The amount of a service charge which a tenant can be required to pay in advance towards anticipated future expenditure is limited by section 19(2) of the Landlord and Tenant Act 1985. The amount must be reasonable, and after a relevant cost has been incurred “any necessary adjustment must be made by repayment, reduction or subsequent charges or otherwise”.
In Brett and another v Harlow Court Ltd [2022] UKUT 52 (LC), the Upper Tribunal (Lands Chamber) had to consider whether interim service charges paid by lessees that were found to be unreasonable in amount within the meaning of section 19(2) should be repaid rather than being offset by the lessor against future anticipated expenditure.
The appellants were the former leaseholders of a flat situated within Harlow Court in Reigate, Surrey. In June 2013, the respondent company, owned by the lessees of the block, acquired the freehold.
Under their lease, the appellants were required to pay a maintenance charge equal to 1/18th of the annual cost incurred by the lessor. Pursuant to clause 3(2)(ii) of the lease, the annual cost was defined as the expenditure “incurred or to be incurred” by the lessor in carrying out its obligations in the lease in any accounting period or as a “forward payment” towards any large item of expenditure to be incurred in a subsequent accounting period.

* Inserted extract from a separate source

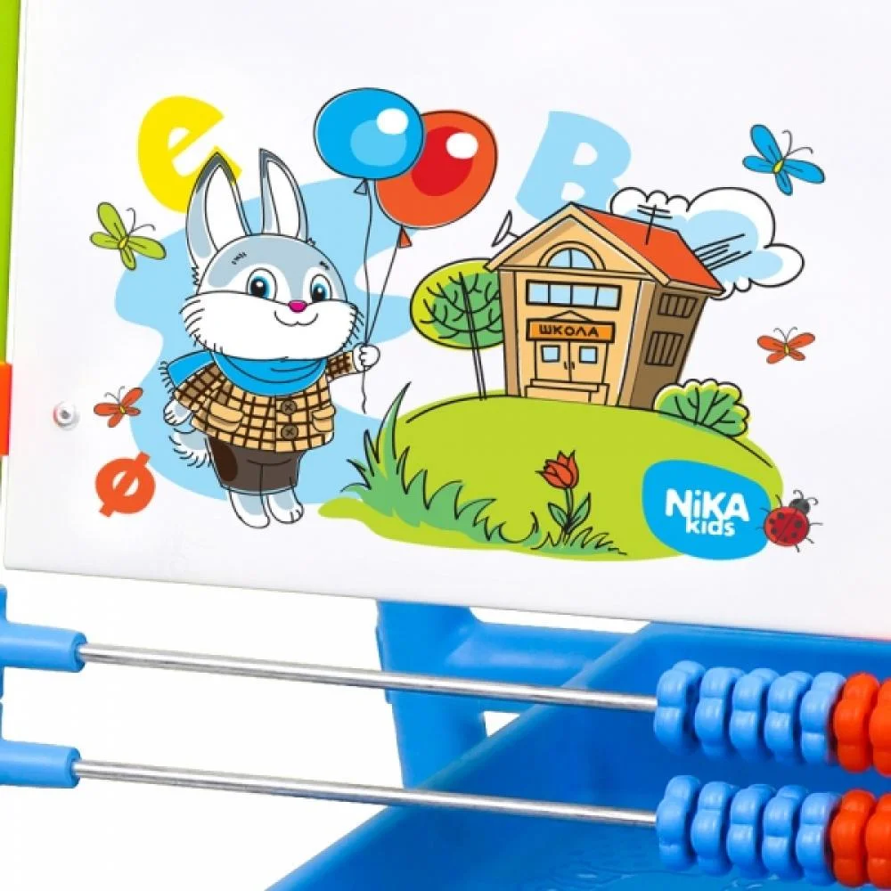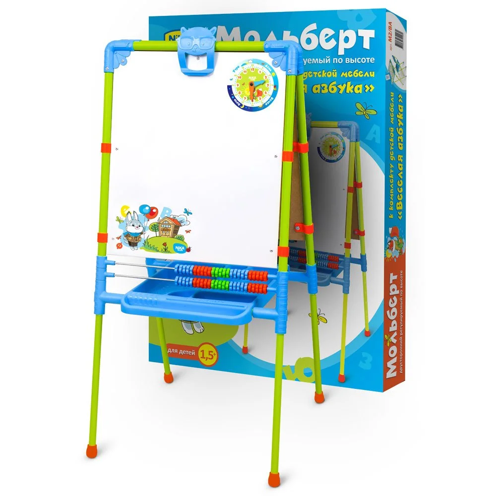 - в комплект входит набор для творчества: для меловой поверхности – цветные мелки; для магнитной поверхности – русская азбука, цифры, знаки препинания

By clause 3(2)(b) the appellants were to pay in advance and on account of the maintenance charge an amount specified by the respondent’s surveyor as being a fair and reasonable interim payment. The interim payment was to be paid in equal instalments twice a year. The lease allowed for an end-of-year reconciliation and for the appellants to meet any deficit between the expenditure actually incurred and the payments on account. Clause 3(2)(e) of the lease provided that the lessor would accumulate any surplus and apply the same towards expenditure in future years. Clause 7.2.3 placed an obligation on the lessees that within 14 days of a demand they would pay “a proportion of the administration and other costs (including professional fees) of the lessor, such proportion being reflective of the tenant’s shareholding in the respondent company.
In practice, rather than follow the service charges machinery contained in the lease, the respondent made bi-yearly service charge demands in the sum of £800 for each period. The monies were used in part to meet annually recurring expenditure, with the remainder accumulated in a reserve fund. By 2014, the payments on account were insufficient to meet the annual recurring costs, resulting in a deficit. It transpired that the respondent had erroneously used some of the reserve fund to meet the company’s running costs.
In June 2020, the appellants disposed of their flat. Prior to the sale, they paid on account service charges that had been demanded in March. In September 2020 they applied to the First-tier Tribunal for a determination of the reasonableness and payability of service charges for the years 2018-2019; 2019-2020 and 2020-2021. This was their third application. In light of the FTT’s previous decisions, the appellants argued that the March 2020 on-account demand was unreasonable because the respondent held funds to the appellants’ credit, which had been used by the respondent as a payment to meet company expenditure pursuant to clause 7.2.3 of the lease rather than being refunded back to them.
The FTT determined that the sum of £712.55 was reasonable for the respondent to collect on account from the appellants. The UT agreed. The appellants would not pay more in the current year than the respondent needed to provide the covenanted services and would be spared the additional expense of flawless accounting. The UT underscored that in cases such as this, the UT had no power to substitute its own view of what was a reasonable amount to be collected as an interim service charge if the FTT had properly exercised its discretion in that regard.
The UT also reiterated that section 19(2) did not confer a broader jurisdiction on the FTT than that which it had under section 27A. The FTT’s jurisdiction under section 27A was declaratory in nature. It could not order the repayment of sums paid in excess of the relevant statutory service charge limit.